The finality of this bill is, therefore, primarily the health and the assurance of the presence or absence of a health risk as soon as possible, without prejudice to the criminal investigation. I think this was the most important element in the whole discussion. This has also been shown in the hearings, in the comments of Sensoa and the Privacy Commission. The finality is the health, not the HIV infection itself or the intention to charge a potential perpetrator by taking this as an element of the criminal investigation.

I think that the many discussions in the committee and beyond, and the hearings, have made a good contribution to the present bill with all the nuances it contains. In particular, this proposal should ensure that clarification can be quickly obtained without objecting to the criminal investigation with the data.


Sophie De Wit N-VA

Mr. Speaker, Mr. Minister, everything has already been said.

Mrs Van Cauter, it must be said, there is a stone being moved here. It may be just a small stone, but it is one. Any stone that can contribute to better protection of victims is an important one.

I am very pleased that we have been able to work together on this issue in the committee. I think we owe this also to the victims who have experienced such serious cases.

In this way, we can already offer a solution. A pilot project that has been beneficial in practice can be generalized. We can give this a positive consequence.

I think this is an important bill, no matter how small the stone is.

Indeed, Mr. Van Hecke, the second reading is used in this case. There is a difference between use and abuse, but in this case the second reading was used for the better, allowing the legislation to provide a number of safeguards. It is obvious that this must be done, because each party must be able to be protected in such a situation. I think we have succeeded in this balance exercise.


Philippe Goffin MR

Mr. Speaker, in order to allow us to return to the Justice Committee for the question/answer session, I will be very brief. I look forward, on behalf of the MR group, to the conclusion of this text, which is the conclusion of long debates already begun during the previous legislature. This is a thoughtful, mature, achieved proposal to which a second reading has been added. Indeed, Mr. Van Hecke, in this case it was especially well used and we look forward to it.

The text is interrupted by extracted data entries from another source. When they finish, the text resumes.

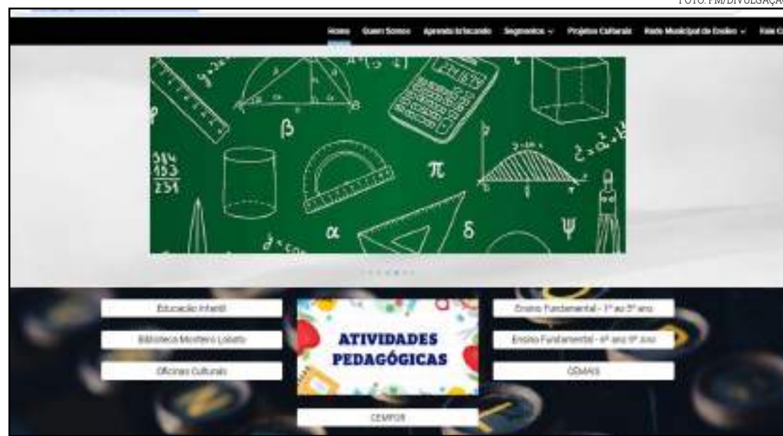
PM foi chamada e prendeu o suspeito em Rondonópolis

A vítima conseguiu acionar a Polícia Militar, mas enquanto ligava para o 190, o marido tomou o celular das mãos da mulher e o quebrou.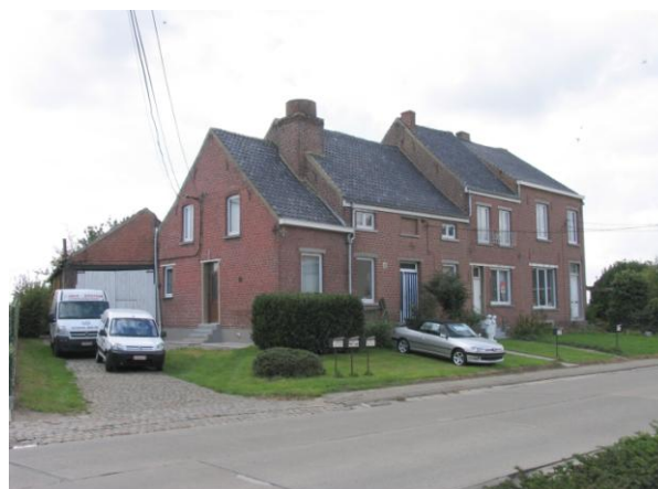
De oude kamme (vroeger) .....en nu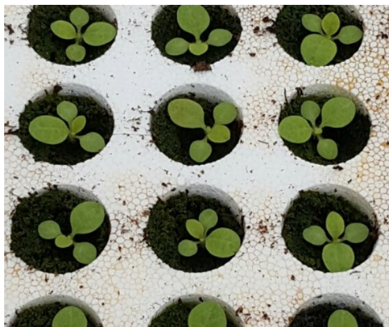
Semis stade croix (BBCH 1020)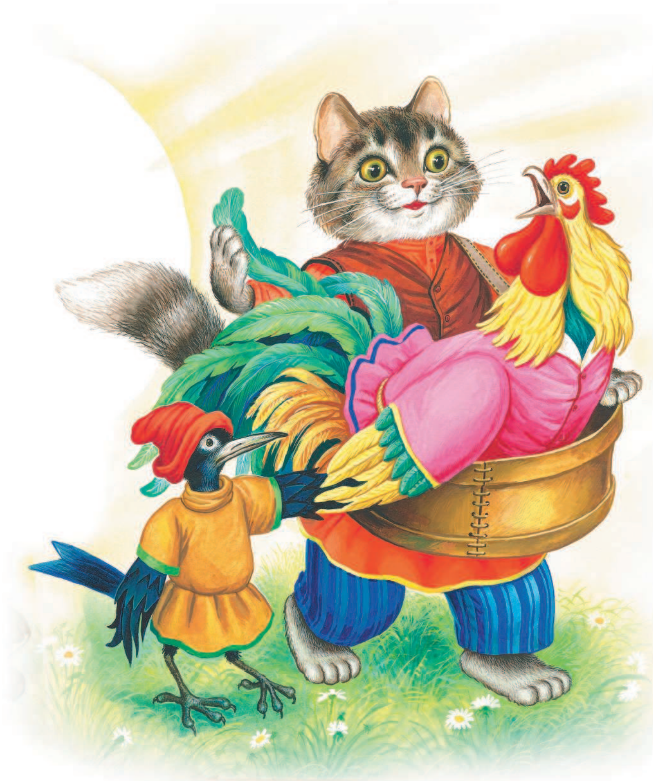
Рисунки И. Цыганкова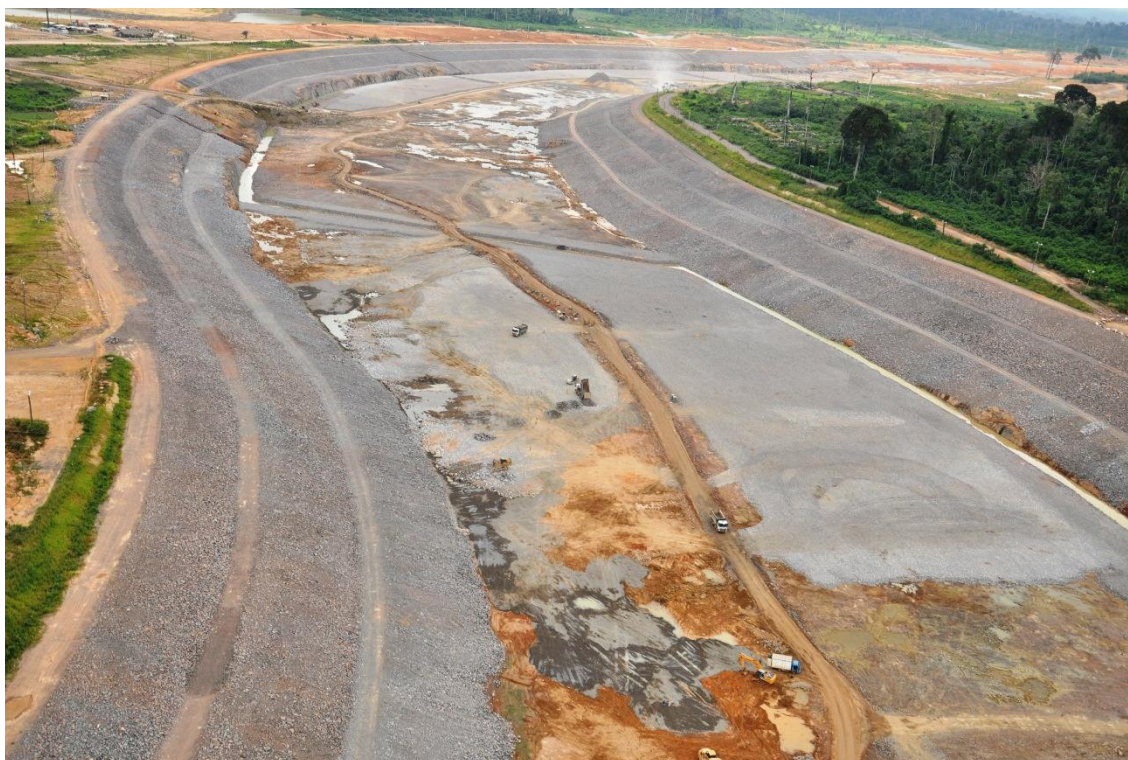
Figura 2 – 19 – Proteção de taludes e do fundo do Canal de Derivação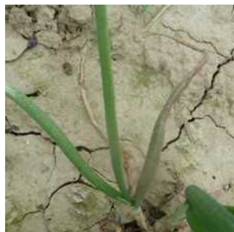
Mildiou sur oignon

Le mildiou est également toujours présent sur les oignons de Trébons, sans que la pression ne soit trop forte pour l'instant.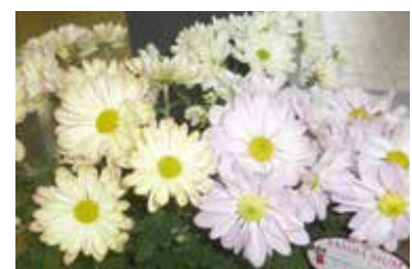
市役所に展示のサンバママ

市内の増田園芸が鉢物の栽培に取り組み、今秋初出荷を迎え、このほど加西市に贈呈されました。12月上旬（予定）まで市役所ロビーに展示しています。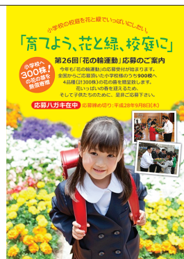
〈レイアウト見本〉表1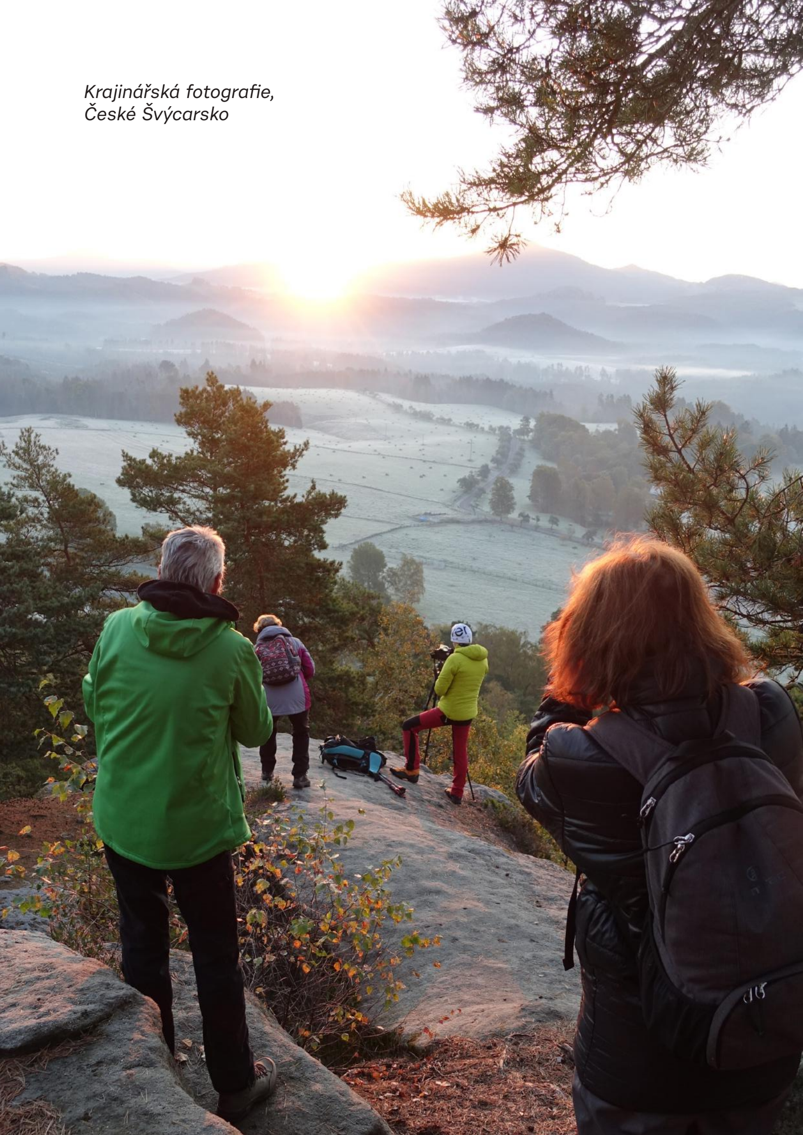
Krajinářská fotografie, České Švýcarsko

What are we talking about? It is about optimizing interventions in favor of victims. It is known that there is a medical process for, within 72 hours of an aggression, to be able to eventually stop the process of a disease. But one can also make the economy of this intervention if it turns out to be unnecessary because it is care that, for the patient, is physically, psychologically and financially heavy. If, through this system, one can avoid this kind of intervention that would prove useless, that would be a good thing.

We are also pleased that this committee has been able to work in serenity and have resulted in a consensus that has enabled unanimity in this final text. This is a good thing, and as chairman of the commission, I can only rejoice. This is an improvement that is brought to the fate of the victims.